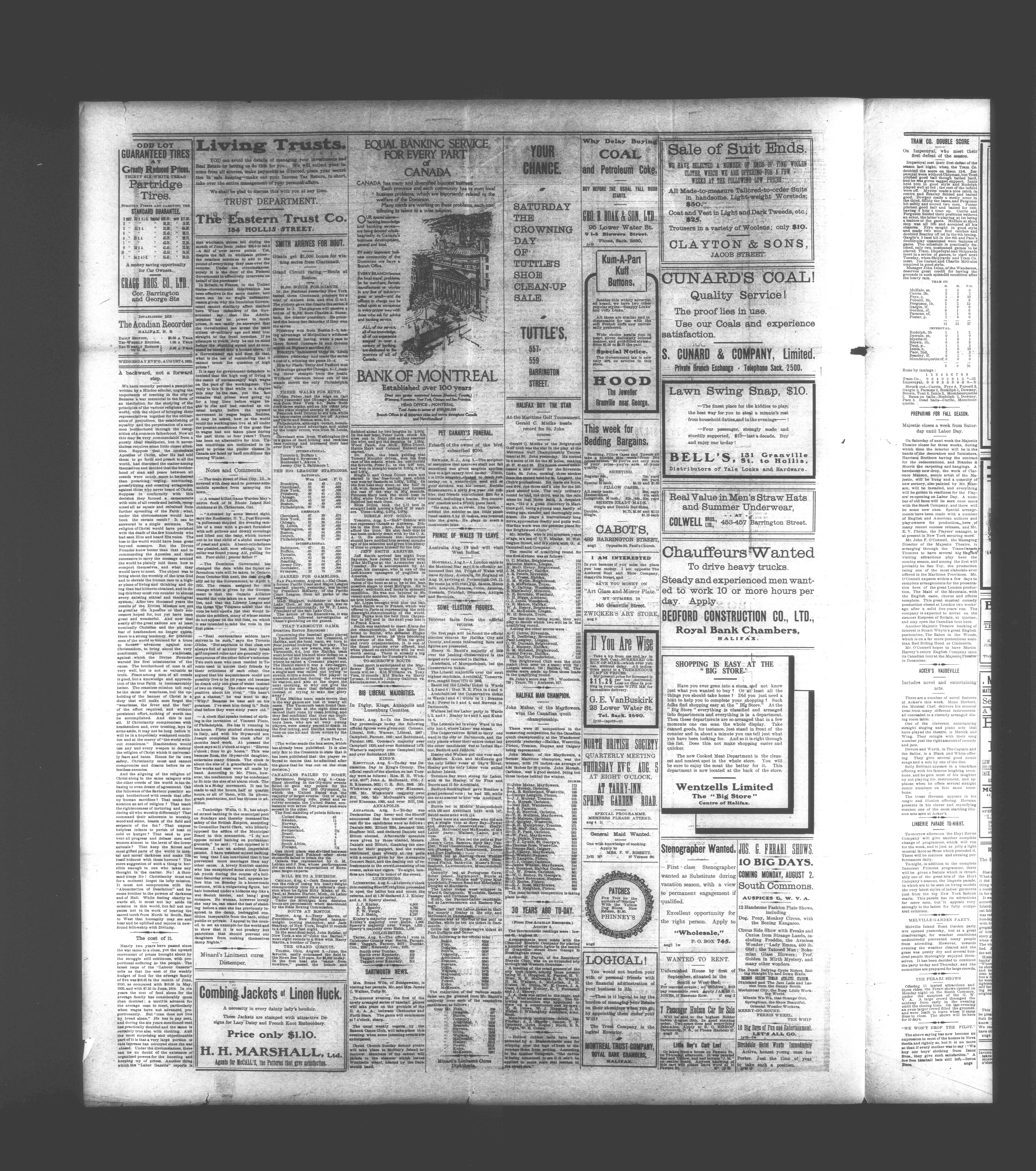 The Acadian recorder : Volume 108, No. 183 (August 4, 1920)
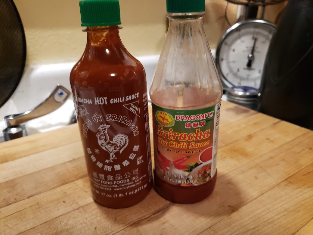 The bottle on the left. I hear that if you really know your sriracha sauce, you call the sauce on the left “rooster sauce”, for obvious reasons, because it isn’t quite like the real thing from Thailand (bottle on the right).
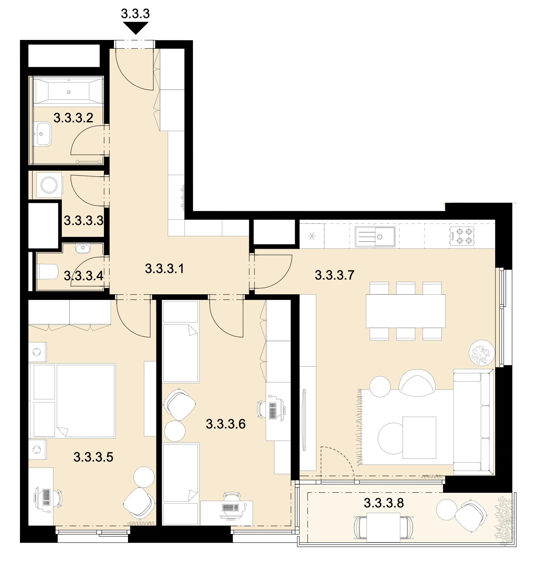| 07 | Obývací pokoj + KK | 30,7 m2 |
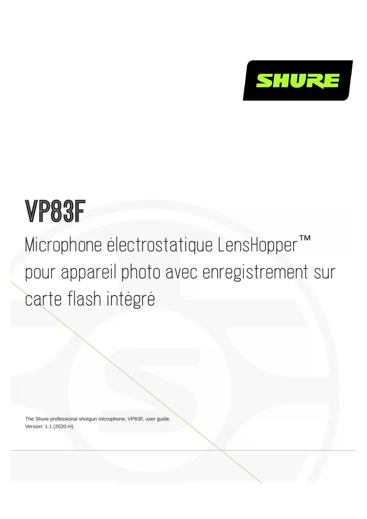 LensHopper VP83F - Microphone SHURE - Notice d'utilisation et mode d'emploi gratuit

§ **EXERCISE BRIEF**:
Retype the data above exactly, dropping every picture.

§ **RESULT OF THE TASK**:
 The Acadian recorder : Volume 108, No. 183 (August 4, 1920)
 The bottle on the left. I hear that if you really know your sriracha sauce, you call the sauce on the left “rooster sauce”, for obvious reasons, because it isn’t quite like the real thing from Thailand (bottle on the right).
| 07 | Obývací pokoj + KK | 30,7 m2 |
 LensHopper VP83F - Microphone SHURE - Notice d'utilisation et mode d'emploi gratuit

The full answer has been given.